The code in this subsection creates a small account application by providing a caching layer over an imagined database abstraction. The database layer will be simulated using single demo data in a simple DAO interface. To show the difference between the "database" access and retrieving values from the cache, a small waiting time is used in the DAO implementation to simulate network and database latency.

Creating User Class Example

Before we implement the JCache caching layer, let's have a quick look at some basic classes we need for this example.

The User class is the representation of a user table in the database. To keep it simple, it has just two properties: userId and username.

public class User {
  private int userId;
  private String username;

  // Getters and setters
}

Creating DAO Interface Example

The DAO interface is also kept easy in this example. It provides a simple method to retrieve (find) a user by its userId.

public interface UserDAO {
  User findUserById( int userId );
  boolean storeUser( int userId, User user );
  boolean removeUser( int userId );
  Collection<Integer> allUserIds();
}

Configuring JCache Example

To show most of the standard features, the configuration example is a little more complex.

// Create javax.cache.configuration.CompleteConfiguration subclass
CompleteConfiguration<Integer, User> config =
    new MutableConfiguration<Integer, User>()
        // Configure the cache to be typesafe
        .setTypes( Integer.class, User.class )
        // Configure to expire entries 30 secs after creation in the cache
        .setExpiryPolicyFactory( FactoryBuilder.factoryOf(
            new AccessedExpiryPolicy( new Duration( TimeUnit.SECONDS, 30 ) )
        ) )
        // Configure read-through of the underlying store
        .setReadThrough( true )
        // Configure write-through to the underlying store
        .setWriteThrough( true )
        // Configure the javax.cache.integration.CacheLoader
        .setCacheLoaderFactory( FactoryBuilder.factoryOf(
            new UserCacheLoader( userDao )
        ) )
        // Configure the javax.cache.integration.CacheWriter
        .setCacheWriterFactory( FactoryBuilder.factoryOf(
            new UserCacheWriter( userDao )
        ) )
        // Configure the javax.cache.event.CacheEntryListener with no
        // javax.cache.event.CacheEntryEventFilter, to include old value
        // and to be executed synchronously
        .addCacheEntryListenerConfiguration(
            new MutableCacheEntryListenerConfiguration<Integer, User>(
                new UserCacheEntryListenerFactory(),
                null, true, true
            )
        );

Let's go through this configuration line by line.

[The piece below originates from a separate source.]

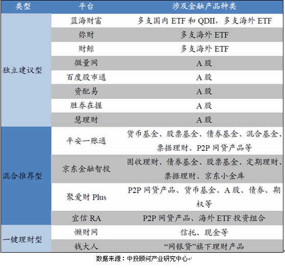 欧美蓬勃发展趋势下,我国智能投顾亦快速兴起。据不完全统计,我国目前宣称具有智能投顾功能或者正在研发智能投顾的互联网理财平台超过20家,中投顾问《2017-2021年智能投顾产业深度调研及投资前景预测报告》按业务模式将这些平台分为三类:1、独立建议性:提供诸如A股仓位、买卖点等建议或资产配置建议;2、混合推荐性:推荐与客户风险相适应的基金或其他理财产品;3、一键理财型:帮助客户管理资金并投资,通过第三方平台存放资金保证客户资金的安全。

Setting the Cache Type and Expire Policy

First, we set the expected types for the cache, which is already known from the previous example. On the next line, a javax.cache.expiry.ExpirePolicy is configured. Almost all integration ExpirePolicy implementations are configured using javax.cache.configuration.Factory instances. Factory and FactoryBuilder are explained later in this chapter.

Configuring Read-Through and Write-Through

The next two lines configure the thread that will be read-through and write-through to the underlying backend resource that is configured over the next few lines. The JCache API offers javax.cache.integration.CacheLoader and javax.cache.integration.CacheWriter to implement adapter classes to any kind of backend resource, e.g., JPA, JDBC, or any other backend technology implementable in Java. The interface provides the typical CRUD operations like create, get, update, delete, and some bulk operation versions of those common operations. We will look into the implementation of those implementations later.

Configuring Entry Listeners

The last configuration setting defines entry listeners based on sub-interfaces of javax.cache.event.CacheEntryListener. This config does not use a javax.cache.event.CacheEntryEventFilter since the listener is meant to be fired on every change that happens on the cache. Again we will look in the implementation of the listener in later in this chapter.

Full Example Code

A full running example that is presented in this subsection is available in the code samples repository. The application is built to be a command line app. It offers a small shell to accept different commands. After startup, you can enter help to see all available commands and their descriptions.